Consul
Consistency
Consul uses an advanced method of maintaining service and health information. This page details how services and checks are registered, how the catalog is populated, and how health status information is updated as it changes.
Anti-Entropy
Entropy is the tendency of systems to become increasingly disordered. Consul's anti-entropy mechanisms are designed to counter this tendency, to keep the state of the cluster ordered even through failures of its components.
Consul has a clear separation between the global service catalog and the agent's local state as discussed above. The anti-entropy mechanism reconciles these two views of the world: anti-entropy is a synchronization of the local agent state and the catalog. For example, when a user registers a new service or check with the agent, the agent in turn notifies the catalog that this new check exists. Similarly, when a check is deleted from the agent, it is consequently removed from the catalog as well.
Anti-entropy is also used to update availability information. As agents run their health checks, their status may change in which case their new status is synced to the catalog. Using this information, the catalog can respond intelligently to queries about its nodes and services based on their availability.
During this synchronization, the catalog is also checked for correctness. If any services or checks exist in the catalog that the agent is not aware of, they will be automatically removed to make the catalog reflect the proper set of services and health information for that agent. Consul treats the state of the agent as authoritative; if there are any differences between the agent and catalog view, the agent-local view will always be used.
Periodic Synchronization
In addition to running when changes to the agent occur, anti-entropy is also a long-running process which periodically wakes up to sync service and check status to the catalog. This ensures that the catalog closely matches the agent's true state. This also allows Consul to re-populate the service catalog even in the case of complete data loss.
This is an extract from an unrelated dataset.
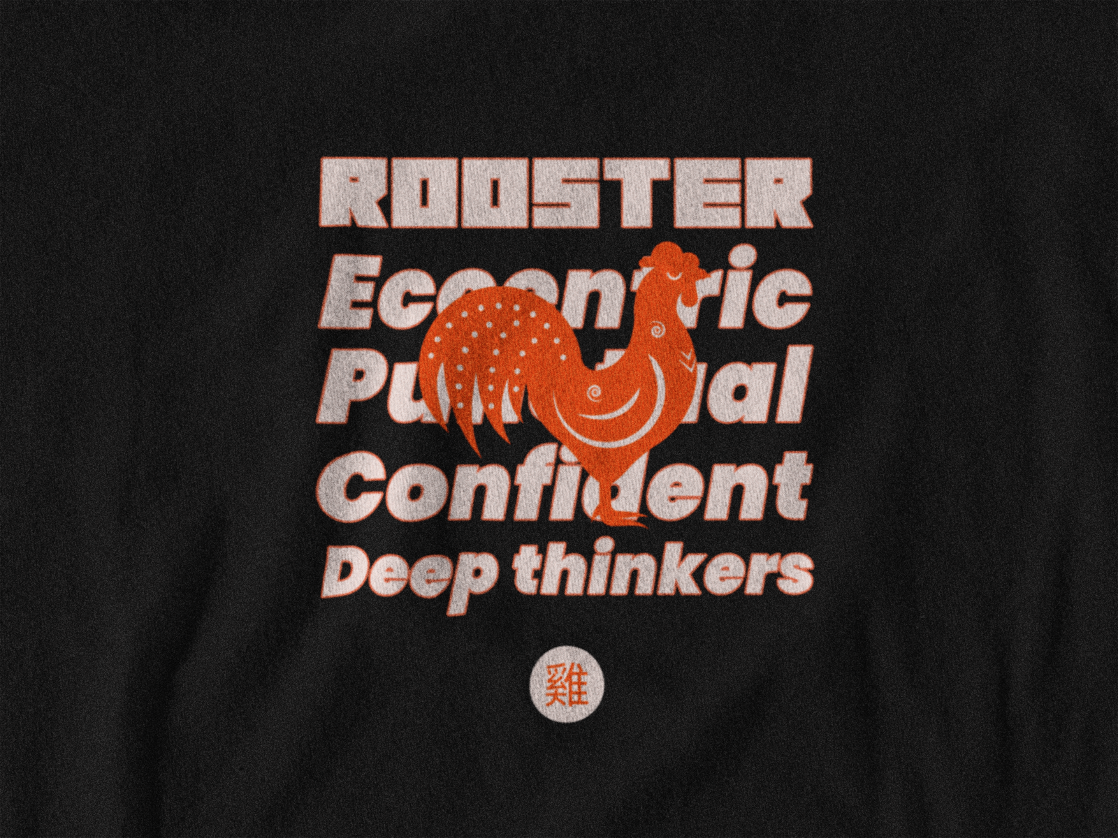Zodiac-Inspired Design – This black T-shirt features a stylish “Rooster” zodiac theme, perfect for those who resonate with the Rooster’s traits.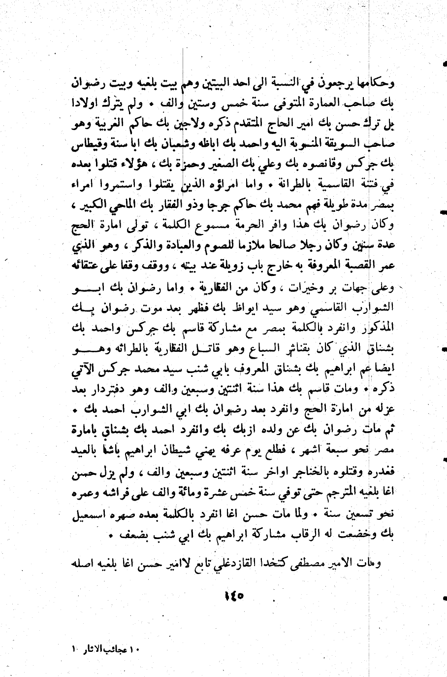 وحكامها يرجعون في النسبة إلى أحد البيتين وهم بيت بلغيه وبيت رضوان بك صاحب العمارة المتوفى سنة خمس وستين وألف. ولم يترك أولادا بل ترك حسن بك أمير الحاج المتقدم ذكره ولاجين بك حاكم الغربية وهو صاحب السويقة المنسوبة إليه وأحمد بك اباظه وشعبان بك أبا سنة وقيطاس بك جركس وقانصوه بك وعلي بك الصغير وحمزة بك هؤلاء قتلوا بعده في فتنة القاسمية بالطرانة. واما أمراؤه الذين يقتلوا واستمروا أمراء بمصر مدة طويلة فهم محمد بك حاكم جرجا وذو الفقار بك الماحي الكبير وكان رضوان بك هذا وافر الحرمة مسموع الكلمة تولى إمارة الحج عدة سنين وكان رجلا صالحا ملازما للصوم والعبادة والذكر وهو الذي عمر القصبة المعروفة به خارج باب زويلة عند بيته ووقف وقفا على عتقائه وعلى جهات بر وخيرات وكان من الفقارية. واما رضوان بك أبو الشوارب القاسمي وهو سيد ايواظ بك فظهر بعد موت رضوان بك المذكور وانفرد بالكلمة بمصر مع مشاركة قاسم بك جركس وأحمد بك بشناق الذي كان بقناشر السباع وهو قاتل الفقارية بالطراثة وهو أيضا عم إبراهيم بك بشناق المعروف بابي شنب سيد محمد جركس الآتي ذكره. ومات قاسم بك هذا سنة اثنتين وسبعين وألف وهو دفتردار بعد عزله من إمارة الحج وانفرد بعد رضوان بك أبي الشوارب أحمد بك. ثم مات رضوان بك عن ولده ازبك بك وانفرد أحمد بك بشناق بامارة مصر نحو سبعة أشهر فطلع يوم عرفه يهني شيطان إبراهيم باشا بالعيد فغدره وقتلوه بالخناجر أواخر سنة اثنتين وسبعين وألف ولم يزل حسن اغا بلغيه المترجم حتى توفي سنة خمس عشرة ومائة وألف على فراشه وعمره نحو تسعين سنة. ولما مات حسن اغا انفرد بالكلمة بعده صهره إسمعيل بك وخضعت له الرقاب مشاركة إبراهيم بك أبي شنب بضعف.

To avoid saturation, the amount of time between periodic anti-entropy runs will vary based on cluster size. The table below defines the relationship between cluster size and sync interval:
Cluster Size | Periodic Sync Interval |
---|---|
1 - 128 | 1 minute |
129 - 256 | 2 minutes |
257 - 512 | 3 minutes |
513 - 1024 | 4 minutes |
... | ... |
The intervals above are approximate. Each Consul agent will choose a randomly staggered start time within the interval window to avoid a thundering herd.
Best-effort sync
Anti-entropy can fail in a number of cases, including misconfiguration of the agent or its operating environment, I/O problems (full disk, filesystem permission, etc.), networking problems (agent cannot communicate with server), among others. Because of this, the agent attempts to sync in best-effort fashion.
If an error is encountered during an anti-entropy run, the error is logged and the agent continues to run. The anti-entropy mechanism is run periodically to automatically recover from these types of transient failures.
Enable Tag Override
Synchronization of service registration can be partially modified to
allow external agents to change the tags for a service. This can be
useful in situations where an external monitoring service needs to be
the source of truth for tag information. For example, the Redis
database and its monitoring service Redis Sentinel have this kind of
relationship. Redis instances are responsible for much of their
configuration, but Sentinels determine whether the Redis instance is a
primary or a secondary. Enable the
enable_tag_override
parameter in your service definition file to tell the Consul agent where the Redis database is running to bypass
tags during anti-entropy synchronization. Refer to
Modify anti-entropy synchronization for additional information.
Consistency Modes
Although all writes to the replicated log go through Raft, reads are more flexible. To support various trade-offs that developers may want, Consul supports 3 different consistency modes for reads.
The three read modes are:
default
- Raft makes use of leader leasing, providing a time window in which the leader assumes its role is stable. However, if a leader is partitioned from the remaining peers, a new leader may be elected while the old leader is holding the lease. This means there are 2 leader nodes. There is no risk of a split-brain since the old leader will be unable to commit new logs. However, if the old leader services any reads, the values are potentially stale. The default consistency mode relies only on leader leasing, exposing clients to potentially stale values. We make this trade-off because reads are fast, usually strongly consistent, and only stale in a hard-to-trigger situation. The time window of stale reads is also bounded since the leader will step down due to the partition.consistent
- This mode is strongly consistent without caveats. It requires that a leader verify with a quorum of peers that it is still leader. This introduces an additional round-trip to all server nodes. The trade-off is always consistent reads but increased latency due to the extra round trip.stale
- This mode allows any server to service the read regardless of whether it is the leader. This means reads can be arbitrarily stale but are generally within 50 milliseconds of the leader. The trade-off is very fast and scalable reads but with stale values. This mode allows reads without a leader meaning a cluster that is unavailable will still be able to respond.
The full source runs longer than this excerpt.